Writing this all down while it's still somewhat fresh in my mind.

Problem

At the moment, we have two caches in a first-class implementation—RoomVersionCache and ServerKeyCache. They are currently implemented using InMemoryLRUCache which has the following properties:

  • Caches are registered and reported in Prometheus
  • Immutable caches are really immutable, we'll panic() if we attempt to write to them again with a different value
  • Mutable caches allow changes, but presently there is no downstream invalidation

If we are going to embrace caching as a real architectural design decision, rather than something that we shoe-horn in ad-hoc, then we need to give some thought as to what this will actually look like and the rules we should set for ourselves.

Mutability

To start with, both RoomVersionCache and ServerKeyCache were immutable. Immutable caches are definitely much easier to reason about, since we don't have to worry about invalidating them in other places. Their values will never change. There are all sorts of things that never change—room versions, event type keys, event state keys, so on.

Following #1094, where we now properly implement key-fetching once the validity of a key passes, we now have had to change ServerKeyCache to be mutable, as otherwise we will panic() when we try to update the cache with the new validity. It's ultimately this that has opened up this discussion further.

Discoverability

In addition to this, we have other caches dotted around which aren't implemented in a first-class caching structure, like transactions.Cache (which is actually used for idempotency/spec compliance rather than optimisation!), EDUCache and possibly others. They aren't reported in Prometheus, they don't guarantee immutability where it is necessary and it's not obvious what the lifetime of these might be to a new developer.

Generally, I believe in first-class structures like the one in #1101. They're easy to understand and to reason about, the logic and tuning for them lives in one place and it's really easy to see where they are used (both as readers and as writers).
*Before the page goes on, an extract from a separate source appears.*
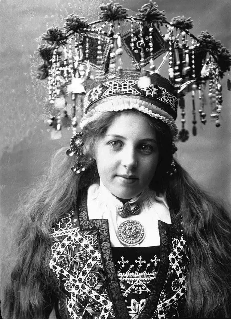 Далее переместимся в Норвегию. На фото из собрания Norsk Folkemuseum, сделанных в период 1897-1920 гг, совсем юные "невесты" из Осло с невероятными головными уборами.

Go gives us good machinery as well in the form of interface{}s so that we can expose sensible functions that satisfy the types that we're interested in (e.g. gomatrixserverlib.RoomVersion).

Monolith

In monolith mode, a lot of this is quite simple—for each type of cache, we can just use something like InMemoryLRUCache, have one instance of each type and then give a reference to each component. That way, each component is using the same set of caches, there's no duplication, no downstream invalidation, therefore it's all very simple.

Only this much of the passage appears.